Continuous evaluation isn’t just a maintenance task. For senior leadership, it’s a strategic necessity. Adaptability will determine long-term value. Companies often see an initial spike in productivity after deploying AI, but few sustain it because they stop treating the system like a learning platform.
Regular review cycles, updated KPIs, and clear feedback loops transform AI from a static tool into a dynamic asset. That’s when it starts amplifying innovation, freeing teams for higher-impact work, and maintaining relevance across departments.
If you’re serious about AI, treat performance reviews as part of the system design, not as post-launch troubleshooting. The highest value comes not from the system’s first success, but from how well it’s supported, adapted, and improved after day one.
Final thoughts
AI only works at scale when it’s tied to measurable outcomes and built around real business needs. It’s not about the hype. It’s about execution. If you’re not setting the right KPIs, aligning leadership, or evaluating continuously, then your AI strategy is running off assumptions, not evidence.

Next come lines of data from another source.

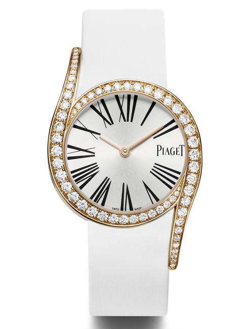 明艳动人、生机盎然、性感嫵媚,这叁个形容词完美表达伯爵Limelight Gala系列手表的特质。它将时间从世人习以为常的直线设计中释放出来,以一个完全女性化的曲线弧度取代。两枚优雅延伸的表耳烘托出圆形表壳,性感的弧度更因由小渐大的单排圆形美钻而更显突出。简洁、低调的表盘散发极致的时尚女性魅力,其上的黑色罗马数字时标恰如其分地呼应着精致的绢质表带。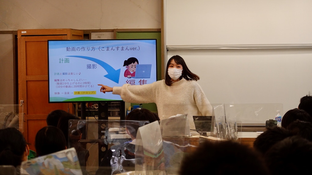 浜脇中学校の2年生に向けて、現役大学生クリエイターである「こまんすまん」が比較的近い立場から、YouTuberになったきっかけや、YouTuberとしての活動の面白さや難しさ、良い動画を作る心構えといったことについて話をしました。学生からも意欲的な質問が多く飛び出し、活況な講座となりました。
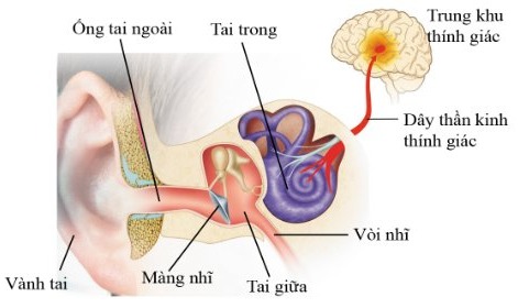 - Sóng âm phát ra từ nguồn âm thanh qua các ống tai ngoài, màng nhĩ, các xương tai giữa vào ốc tai, tác động lên tế bào thụ cảm âm thanh ở ốc tai. Xung thần kinh từ tế bào thụ cảm âm thanh theo dây thần kinh thính giác lên trung khu thính giác ở não bộ. Não bộ phân tích cho ta cảm nhận về âm thanh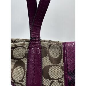 Authenticated F25706 Raspberry Snakeskin Tan Brown Signature Logo Tote Bag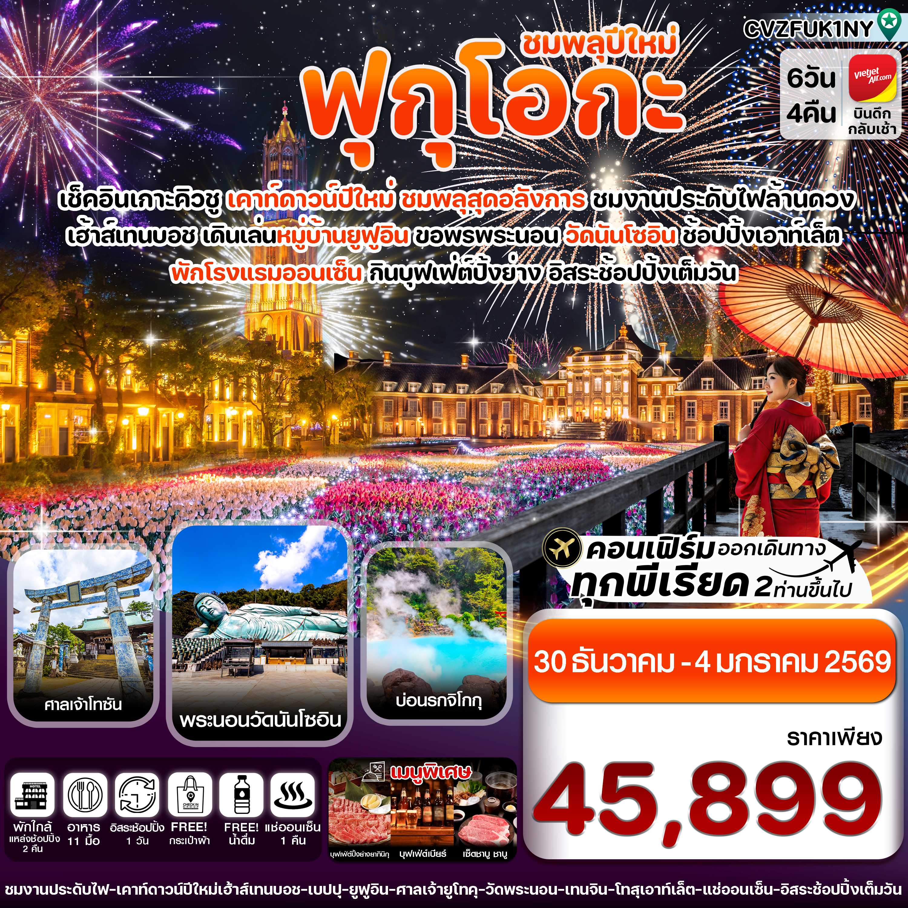 ทัวร์ฟุกุโอกะ 2025 ทัวร์ญี่ปุ่น 2025 ราคาถูก ตลอดปี 2568 เที่ยวแบบคุ้มสุดๆ ถูกกว่าไปเอง อาหารครบ ไกด์ชำนาญเส้นทาง ทางบริษัท มีโปรแกรมทัวร์ญี่ปุ่นหลากหลายเส้นทาง มากกว่า 300 โปรแกรม อาทิเช่น โตเกียว ภูเขาไฟฟูจิ โอซาก้า เกียวโตทาคายาม่า ฟุกุโอกะ ฮอกไกโด เซ็นได โอกินาว่า และเรายังรับจัดกรุ๊ปเหมา ดูงาน สัมมนา ด้วยประสบการณ์มากกว่า 19 ปี เที่ยวญี่ปุ่น Japan Tour 2025 ทัวร์ญี่ปุ่น 2568 และ Fukuoka Tour 2025 ทัวร์ฟุกุโอกะ 2568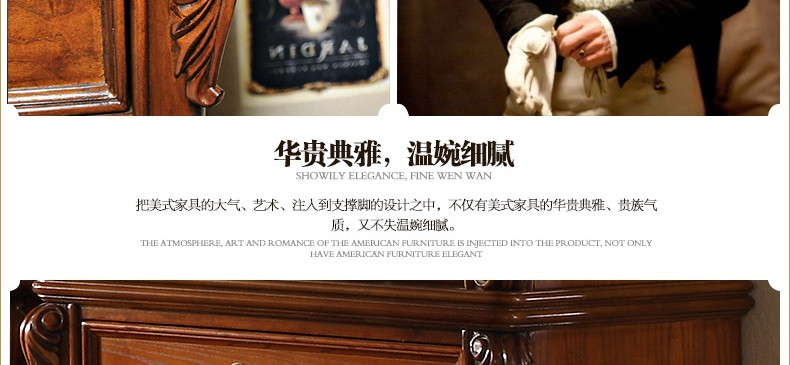 威灵顿实木客厅储物酒柜收纳收藏酒柜储物柜美式风格仿古酒柜J601-3

Strong data, clear ownership, and the ability to adapt in real time are what separate truly impactful AI from just another tech experiment. Don’t wait to course-correct after rollout. Build measurement, alignment, and feedback loops into the foundation. That’s how you move fast without losing focus.
The opportunity is there. The edge goes to companies that treat AI not as a gadget, but as infrastructure. Make sure yours is built to last, and built to perform.